Sur un modèle de suspens très classique - à ce niveau, les vingt premières sont (en apparence) parfaitement convenues et ne peuvent nous mener vers une surprise de taille -, Lang parvient, grâce au scénario de Seton I. Miller, à rendre cette histoire d'espionnage banale d'une infinie complexité. Le personnage de Ray Milland (convaincant dans ce rôle dramatique) prend de l'épaisseur à mesure que l'histoire progresse et, fait étonnant - et donc digne d'être souligné -, s'entoure de mystère alors que l'intrigue se dénoue au spectateur. A tel point que la dernière minute (bâclée) laisse complètement pantois sur ce que l'on vient de voir.
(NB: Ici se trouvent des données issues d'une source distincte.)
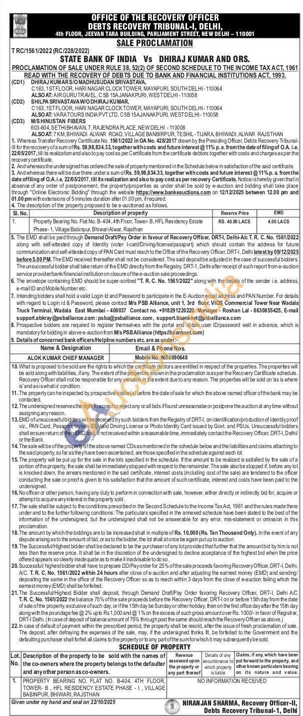 Property Bearing No. Flat No . 8-404,4th Floor, Tower-B. HPL Residency Estate Phase-1, Village Babinpur BhiwariAlwar. Rajsthan
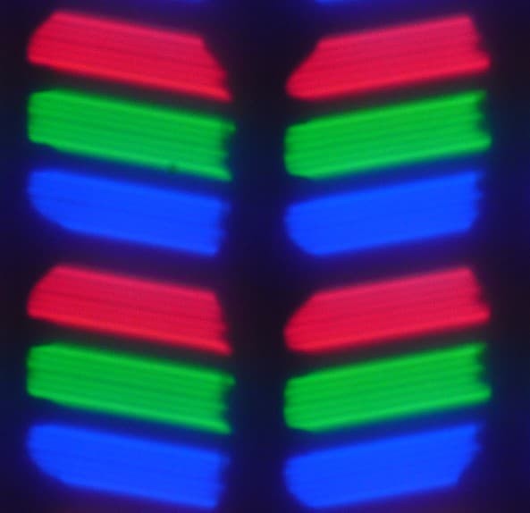 В данном смартфоне используется матрица типа IPS. Микрофотографии демонстрируют типичную для IPS структуру субпикселей:
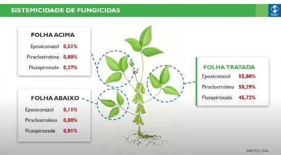 Um outro aspecto a ser destacado sobre os fungicidas é a sua ação sistêmica nas plantas, isto é, a sua capacidade de serem absorvidos pelas folhas e translocados para outras partes que não receberam o produto de maneira satisfatório. No entanto, o que podemos analisar com a imagem abaixo é que os princípios ativos dos fungicidas sistêmicos apresentam baixa mobilidade no sentido basipetal. Ou seja, eles deixam desprotegido o baixeiro da planta, que por sua vez vai servir como porta de entrada para o estabelecimento dos patógenos na lavoura.
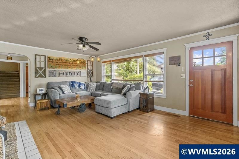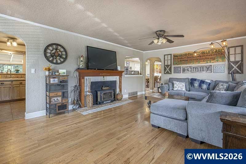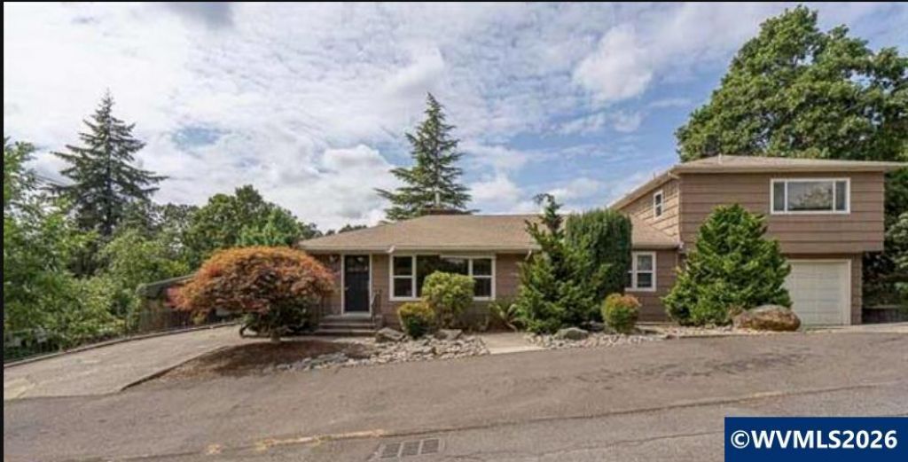 Large corner lot complete w basketball court. Living room has wood floors and fireplace. Kitchen with a lot of counter/cabinet space w/eating bar & adjacent to dining room. Primary bedroom w/ensuite bathroom & second bedroom w/direct access to shared hall bath. Large utility room w/cabinets & sink. Partially finished basement and 4th bedroom off garage. 2 separate garages 1 car and 2 car. Covered patio.
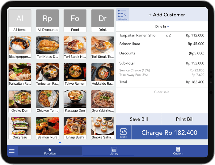 Save Bill/Split Bill: Memungkinkan pemisahan tagihan atau pesanan tambahan dengan mudah, ideal untuk pelanggan yang datang berkelompok.
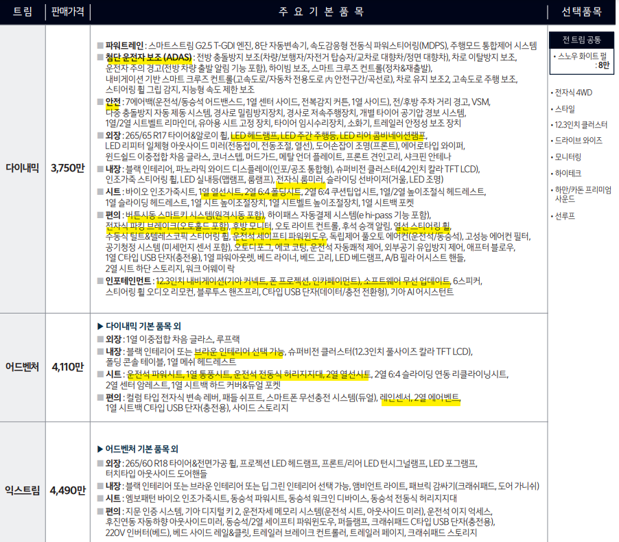 픽업트럭은 보통 상용차로 여겨져 개인이 구매하는 경우가 많지 않았지만, 타스만은 아웃도어 활동을 위한 세컨카로도 충분히 매력적인 선택지가 된다. 국내 출시 가격은 3,750만 원(다이내믹 트림)부터 시작되며, 이는 경쟁 모델인 포드 레인저나 쉐보레 콜로라도와 비교했을 때도 상당히 경쟁력 있는 가격이다.
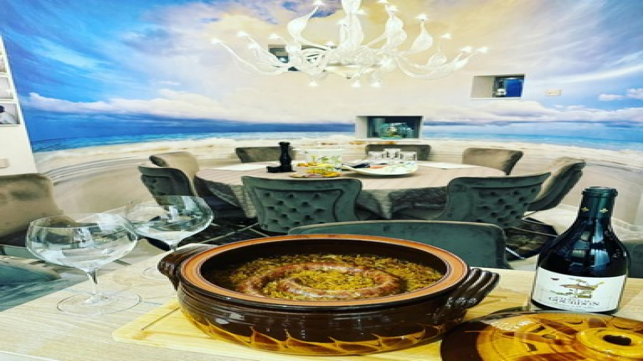 На фона на фототапетчето тя показва лъскави прибори, посуди и свещници, а също така и още една трапезария с голяма правоъгълна маса и столове, чиито цвят няма нищо общо с цветовата гама наоколо. Абе, гледай и пълней, както се казва.

Percy Waram et Ray Milland. |
Fritz Lang, à son habitude, brouille les cartes de son personnage principal, un homme solitaire qui semble seul contre le reste du monde. Plusieurs scènes sont d'une extraordinaire puissance : la séance de spiritisme d'abord, dans le noir, où seuls les visages éclairés apparaissent à l'écran. L'ambiance est terrifiante, et l'on ne serait pas étonné de voir apparaître parmi les invités un M le Maudit ou autre Docteur Mabuse. On croit d'ailleurs apercevoir ce dernier lors d'une alerte à la bombe dans la rue, tout comme une petite fille avec un ballon, sortie tout droit du chef d'oeuvre interprété notamment par Peter Lorre.
La présence sous-jacente de l'ennemi nazi confère une force supplémentaire au film, puisqu'il est impossible de savoir qui est réellement au service de l'Allemagne, tout le monde le devenant potentiellement au fur et à mesure de la progression. La fin bouleverse totalement l'idée que l'on pense définitive sur le dénouement. Relativement peu efficace visuellement (le dernier plan - comique - frise l'inconvenance), elle est néanmoins mystérieuse et force le spectateur à revoir tous ses préjugés sur les personnages principaux, celui de Ray Milland bien sur, mais aussi celui de Marjorie Reynolds, la belle secrétaire.
Espions sur la Tamise est un film comme il en est rarement permis de voir. Se jouant continuellement du spectateur, l'illustrant de superbes séquences (la découverte de la mort de Dan Duryea, trop rapide, ne permet pas de savourer assez longtemps le magnifique plan du réalisateur), Fritz Lang parvient à transformer une série B banale en un chef d'œuvre de complexité et de profondeur.